Run the given source programs through our compiler pipeline. It should give us exactly the handwritten assembly we intend. If not, debug the compiler until it does.

Exercise

Extend this language with a new operation: double(expr) should produce twice the value of the inner expression. Go through the five stages above: concrete syntax, examples, abstract syntax, transformation, and tests. Do we need any new features of the compiler pipeline, or of assembly, in order to achive this? (What about if the operation were halve(expr) instead?)

4 Growing the language: adding let

4.1 The new syntax

Let’s grow the language above further, by adding the concepts of identifiers and let-bindings:

‹expr›: ... | IDENTIFIER | let IDENTIFIER = ‹expr› in ‹expr›

and its corresponding abstract syntax

type expr = ...
  | Id of string
  | Let of string * expr * expr

4.2 Examples and semantics

Do Now!

Write an interpreter for this language, that is, a function with signature

interp: expr -> int

You will certainly need a helper function.

Writing this interpreter is straightforward, at least initially: numbers evaluate to themselves, and adding or subtracting one from an expression should simply evaluate the expression and then add or subtract one from the result. But what should we do about identifiers and let-bindings?

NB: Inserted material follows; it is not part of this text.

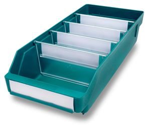 Lisävarusteet: Läpinäkyvät laatikonjakajat, pidike, etiketti ja laatikkostoppari.
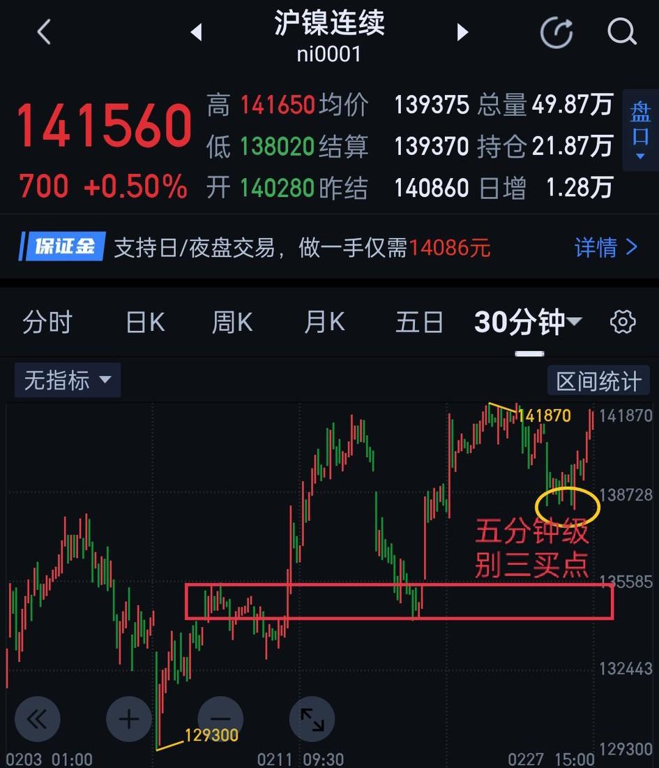 沪镍,今天的变盘如期而至。沪镍早盘完成了图〈1〉一分钟级别的趋势背驰,随之迎来了快速的反弹,目前从138020开始的三十分钟一笔上的结构也呼之欲出。夜盘,只要能有效站稳139070,还可以继续用三十分钟一笔上的视角去跟随上涨。细节上,夜盘如图〈2〉所示,140560能否有效站稳是关键。站稳,可用移动止盈,继续跟随从139070开始的五分钟一笔上的生长。如不能站稳140560,则要观察新的五分钟一笔下是否能在139070上方站稳。站稳,沪镍将有望形成五分钟级别的上涨趋势,继而挑战阶段性高点152300。

Something needs to keep track of what each identifier currently means, which implies we need an environment. The type of that environment leads to two “obvious” design choices: we could match each identifier to the expression that it was bound to, leading to a type env = (string * expr), or we could match each identifier to the result of evaluating that expression, leading to a type env = (string * int). In this language, there is no distinction in meaning between the two — every program will compute the same number. But, for a more complicated language, there could be massive differences in performance or even meaning.

Do Now!

Suppose we added an infix Plus of expr * expr operation. Construct a program whose running time is drastically worse with the first environment type, compared to the second environment type.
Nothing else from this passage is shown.